__Dataset section__:
*** Block opens ***
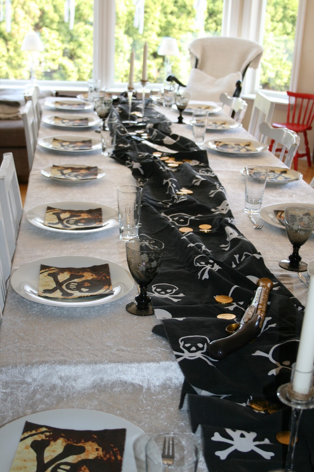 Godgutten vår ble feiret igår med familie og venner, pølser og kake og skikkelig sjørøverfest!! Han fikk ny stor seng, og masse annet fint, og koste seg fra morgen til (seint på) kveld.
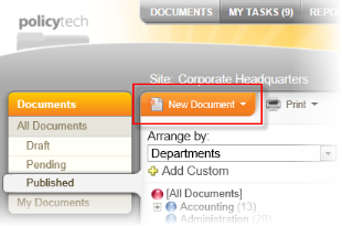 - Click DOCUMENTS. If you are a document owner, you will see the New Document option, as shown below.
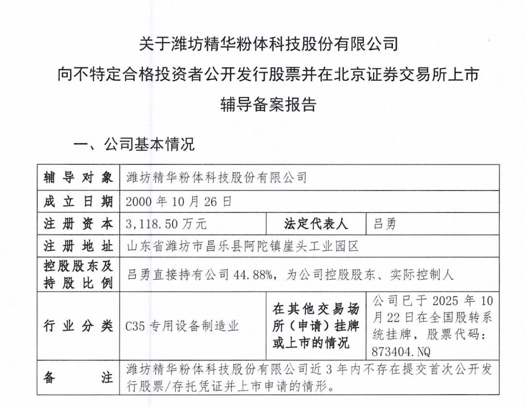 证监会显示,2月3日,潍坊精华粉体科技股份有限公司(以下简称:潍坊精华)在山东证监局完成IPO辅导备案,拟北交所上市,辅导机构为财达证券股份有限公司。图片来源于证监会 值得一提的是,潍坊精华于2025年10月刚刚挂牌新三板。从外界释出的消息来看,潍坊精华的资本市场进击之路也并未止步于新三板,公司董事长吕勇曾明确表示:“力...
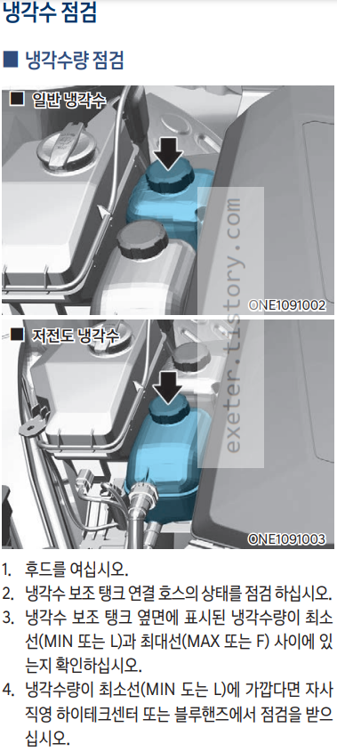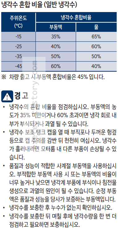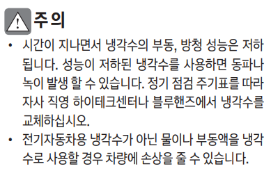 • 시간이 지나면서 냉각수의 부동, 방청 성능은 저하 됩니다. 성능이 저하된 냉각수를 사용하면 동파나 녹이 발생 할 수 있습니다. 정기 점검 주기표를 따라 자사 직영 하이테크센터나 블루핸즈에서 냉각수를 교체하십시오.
*** Block closes ***
__Problem to solve__: Print the material in full and exactly; the pictures must not be printed.

__Solution to the problem__:
 Godgutten vår ble feiret igår med familie og venner, pølser og kake og skikkelig sjørøverfest!! Han fikk ny stor seng, og masse annet fint, og koste seg fra morgen til (seint på) kveld.
 - Click DOCUMENTS. If you are a document owner, you will see the New Document option, as shown below.
 证监会显示,2月3日,潍坊精华粉体科技股份有限公司(以下简称:潍坊精华)在山东证监局完成IPO辅导备案,拟北交所上市,辅导机构为财达证券股份有限公司。图片来源于证监会 值得一提的是,潍坊精华于2025年10月刚刚挂牌新三板。从外界释出的消息来看,潍坊精华的资本市场进击之路也并未止步于新三板,公司董事长吕勇曾明确表示:“力...
 • 시간이 지나면서 냉각수의 부동, 방청 성능은 저하 됩니다. 성능이 저하된 냉각수를 사용하면 동파나 녹이 발생 할 수 있습니다. 정기 점검 주기표를 따라 자사 직영 하이테크센터나 블루핸즈에서 냉각수를 교체하십시오.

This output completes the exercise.